*Work to complete:* Line by line, repeat the material below exactly and leave the images out.

*Collected material:*
▽

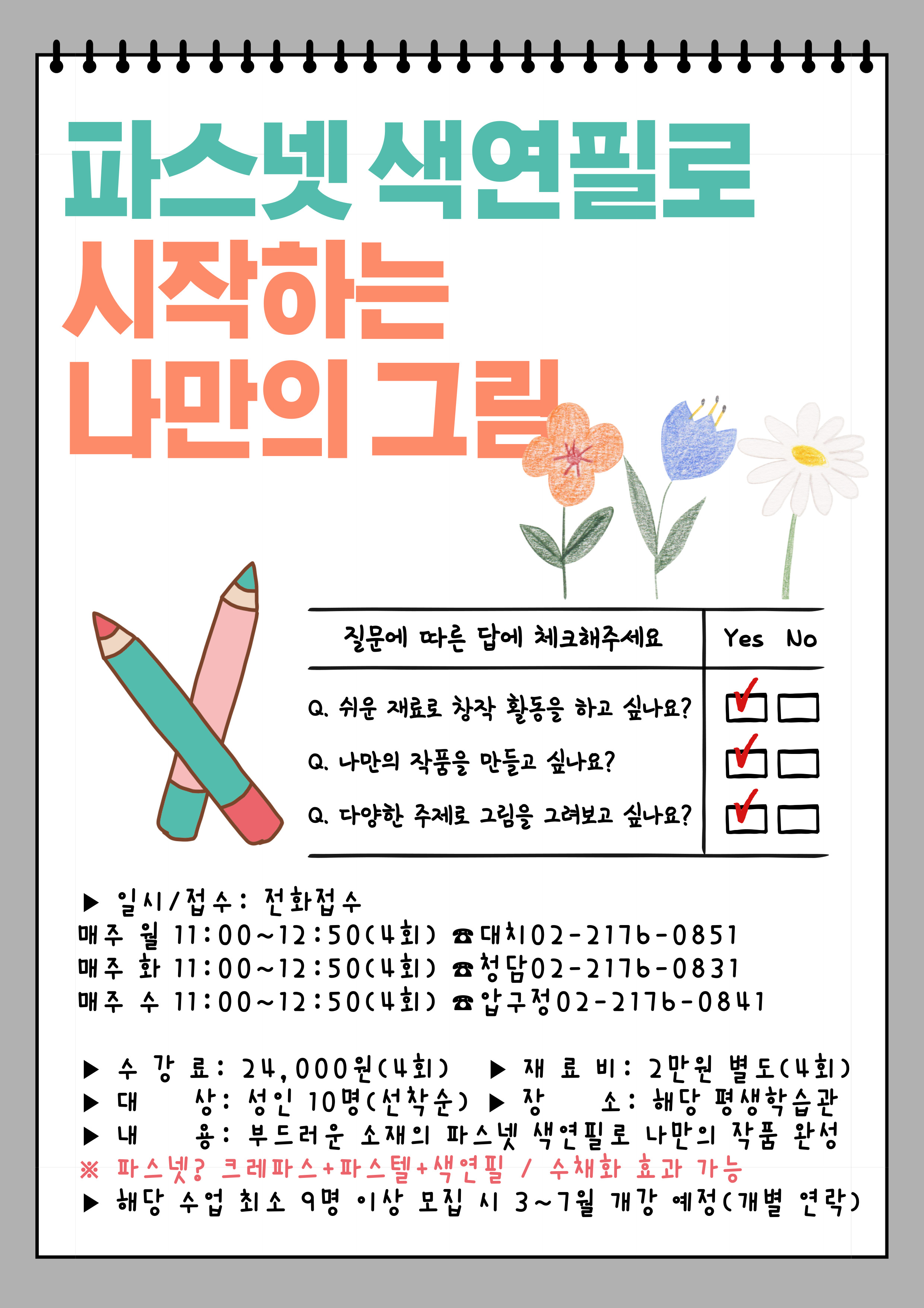 ▶ 강좌명: 파스넷 색연필로 시작하는 나만의 그림(3월)▶ 접수: 강남구통합예약사이트/로그인필수(https://url.kr/xoyb8i) 및 대치평생학습관 4층 상담매니저실
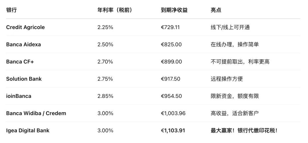 ✅ 别忘记税率是26%:意大利存款利息要缴税,别光看“年化收益”。
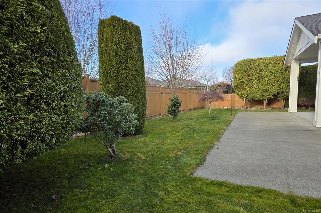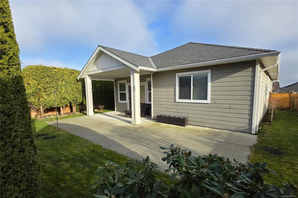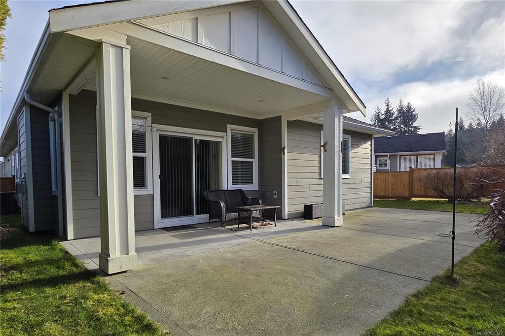 Here is a stand-alone detached patio home in one of Campbell River's most desirable patio home communities. This spacious 3 bedroom 2 bathroom home is tastefully finished, beautifully maintained, and features wide doors and hallways and an open kitchen and great room concept. You have a corner pantry and granite counters in the kitchen, which is open to the dining and living room with gas fireplace and Sliding doors that lead to the large covered patio in the fully fenced private back yard. The primary bedr...
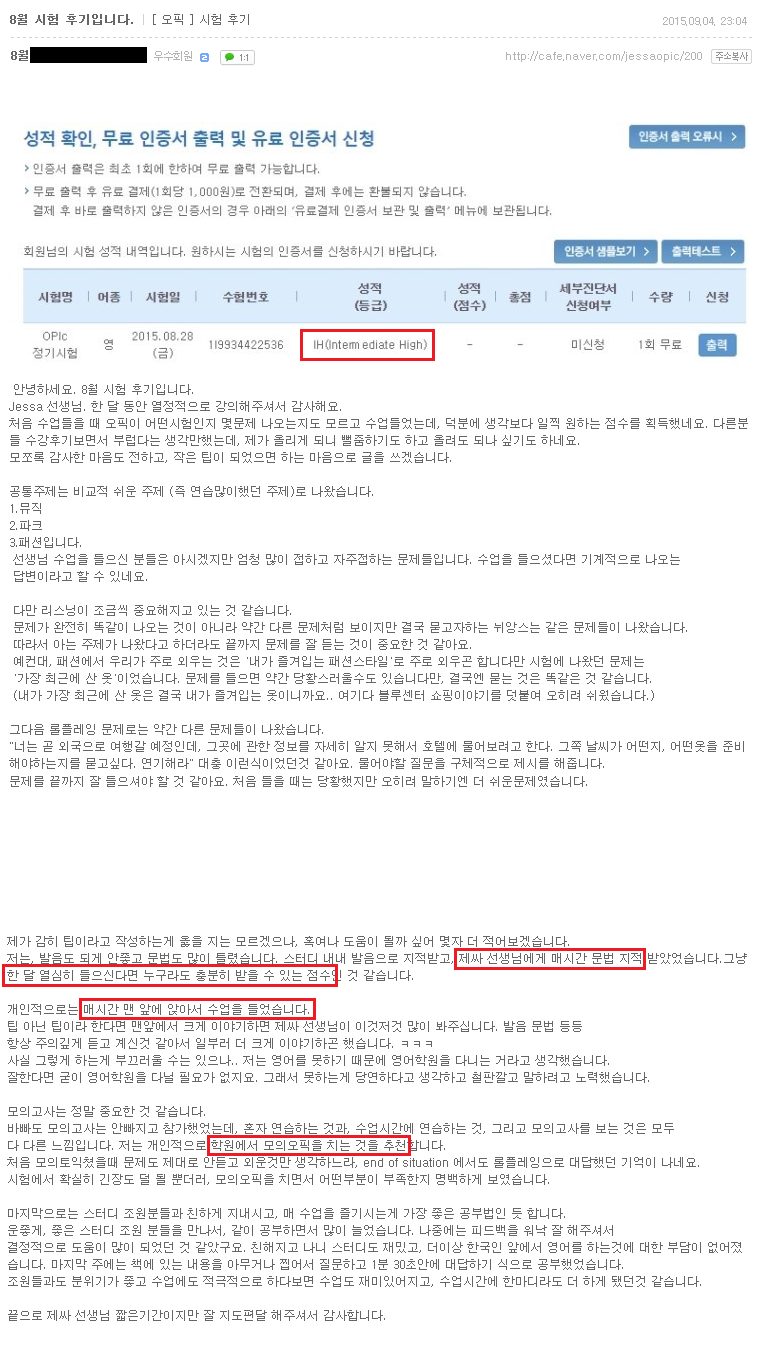 오픽 | (대구오픽 IH후기) 한달 열심히 듣는다면 누구라도 충분히 받을수 있는 점수!! 페이지 정보 작성자 MELPARK 작성일15-09-18 09:10 조회4,147회 댓글0건 이전글 다음글 목록 본문 (클릭 하시면 크게 보실 수 있습니다.) 수강생 후기 입니다. 더 많은 후기는 우측 카페 링크 가입 후 보실 수 있습니다. 이전글 다음글 목록

△

*Output:*
 ▶ 강좌명: 파스넷 색연필로 시작하는 나만의 그림(3월)▶ 접수: 강남구통합예약사이트/로그인필수(https://url.kr/xoyb8i) 및 대치평생학습관 4층 상담매니저실
 ✅ 别忘记税率是26%:意大利存款利息要缴税,别光看“年化收益”。
 Here is a stand-alone detached patio home in one of Campbell River's most desirable patio home communities. This spacious 3 bedroom 2 bathroom home is tastefully finished, beautifully maintained, and features wide doors and hallways and an open kitchen and great room concept. You have a corner pantry and granite counters in the kitchen, which is open to the dining and living room with gas fireplace and Sliding doors that lead to the large covered patio in the fully fenced private back yard. The primary bedr...
 오픽 | (대구오픽 IH후기) 한달 열심히 듣는다면 누구라도 충분히 받을수 있는 점수!! 페이지 정보 작성자 MELPARK 작성일15-09-18 09:10 조회4,147회 댓글0건 이전글 다음글 목록 본문 (클릭 하시면 크게 보실 수 있습니다.) 수강생 후기 입니다. 더 많은 후기는 우측 카페 링크 가입 후 보실 수 있습니다. 이전글 다음글 목록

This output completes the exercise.